Marx et al. [24] report 2 cases of symptomatic chronic complete proximal hamstring tendon avulsions where inter-positional allograft tissue was used for reconstruction because the tendon was too retracted for primary repair. An Achilles tendon allograft was used in both cases. According to the authors, this procedure should be considered as a salvage operation as the patients did not return to a complete normal function and demonstrated hamstring weakness on the operated side.
Finally, Domb et al. [25] described a novel surgical technique for endoscopic repair of proximal hamstring avulsion injuries. Two working portals are used, direct posterior and postero-lateral, both in the gluteal fold. Additional portals may be added and used, primarily for anchor placement. According to the authors, endoscopic treatment offers a less invasive method to address proximal hamstring injuries and might decrease perioperative pain and complications.
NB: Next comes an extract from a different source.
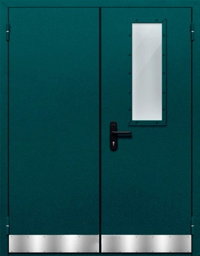 Противопожарная дверь EI 90 голубая двухстворчатая со стеклом c выпадающим порогом

Advantages also include improved visualization of the anatomy, which may enable improved repairs as the technique is refined. Potential pitfalls include injury to neurovascular structures during blind portal placement, injury to the sciatic nerve if disoriented to arthroscopic anatomy, technical challenges of passing and shuttling suture for repair and increased operative time, particularly during early part of a learning curve. The authors believe that endoscopic repair can be beneficial, especially in acute repairs; however, further research on the role of endoscopic proximal hamstring repair is warranted.
Conclusion
Hamstring muscle injuries are common, especially in sports. They can be easily misdiagnosed resulting in impaired athletic performance and long rehabilitation times. A meticulous clinical examination and a high index of suspicion are warranted, in order to avoid delayed diagnosis and proceed to a proper treatment protocol. The algorithm for the management of the individual should take into account that early operative treatment gives significantly better results than late surgery, and is therefore recommended. Despite this, considerable improvement of symptoms could also be achieved in chronic cases.